Ly presents Pierre and Haby’s stories as two threads that intersect in increasingly explosive ways. The director builds tension with striking dexterity. Each scene with the stubborn mayor and the determined young woman is barbed and acidic, pregnant with the conflict inherent in their opposing goals and notions of integrity.

When Haby notices the plans to replace the public housing in her neighborhood have changed dramatically, she confronts Pierre, asking why residents weren’t informed of the change. She also notes that the new plans won’t accommodate larger families. Uncomfortable with the direct challenge, Pierre dismisses Haby and advises her to talk to his deputy, Roger (Steve Tientcheu). The pair meet again when the young woman, infuriated by the municipal’s neglect, runs against Pierre in the next mayoral election.

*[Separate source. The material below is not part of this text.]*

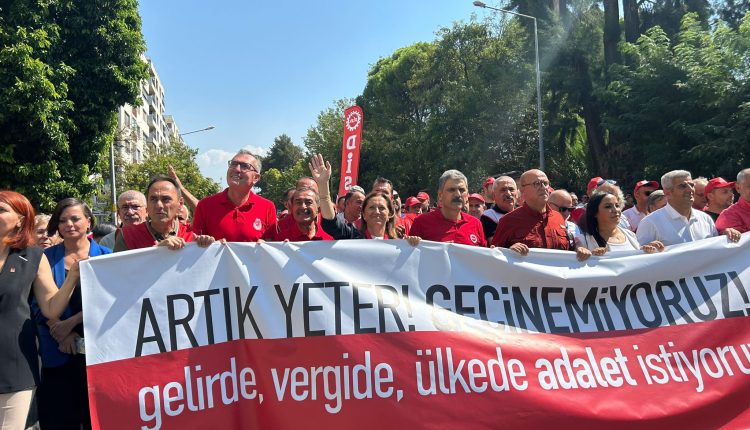 Ülkenin farklı bölgelerinde, çeşitli şehirlerde işçi buluşmaları ve eylemler gerçekleştiren DİSK “Gelirde adalet, vergide adalet!”, “Artık yeter geçinemiyoruz” şiarıyla İzmir’de bölge mitingi gerçekleştirdi.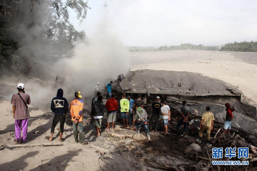 12月2日,在印度尼西亚东爪哇省卢马姜地区,当地居民站在一座被火山灰掩埋的房屋前。新华社发(巴育摄)

Diaw captivates as Haby, a character whose strength grows quietly over the course of the film. Her performance is all in the eyes and Ly, working with cinematographer Julien Poupard, engages in a more intimate observational style here. The camera is trained on Diaw’s face, allowing audiences to witness the intensity of her determination as the mayor levies harsh and increasingly retaliatory punishments against his poorest constituents.

Manenti, who played a belligerent police officer in Les Misérables, excels in a turn that requires more subtlety. His character still craves power and domination, but as a politician he must use different tactics. Pierre’s intentions are clearest in Manenti’s facial expressions, which shift nervously whenever the interim mayor is confronted with evidence of his brutish politics.

Although it’s an assured follow-up, Les Indésirables is not without its weak points. The contrivances start early and steadily weigh down the narrative just as the story, written by Ly and Giordano Gederlini, settles into its action. When the mayor dies at the beginning of the film, for example, his heart attack coincides with a planned demolition of one of the housing project buildings. The moment is calculated for maximum dramatic effect, but for this critic it drew a raised brow.

Ly has assembled a strong ensemble cast, which includes a compelling Aristote Luyindula as Haby’s closest friend, but the screenplay shortchanges them. Secondary figures here too often come off as afterthoughts. This is especially disappointing because as much as it’s a film about the antagonistic relationship between a town and its government, Les Indésirables also confronts the reality that political ideals and ethics can differ even among people with similar livelihoods and common goals.

Still, Ly and Gederlini weave in keen analysis about political manipulation, structural violence and community organizing — a perceptiveness that makes Les Indésirables resonate despite its flaws.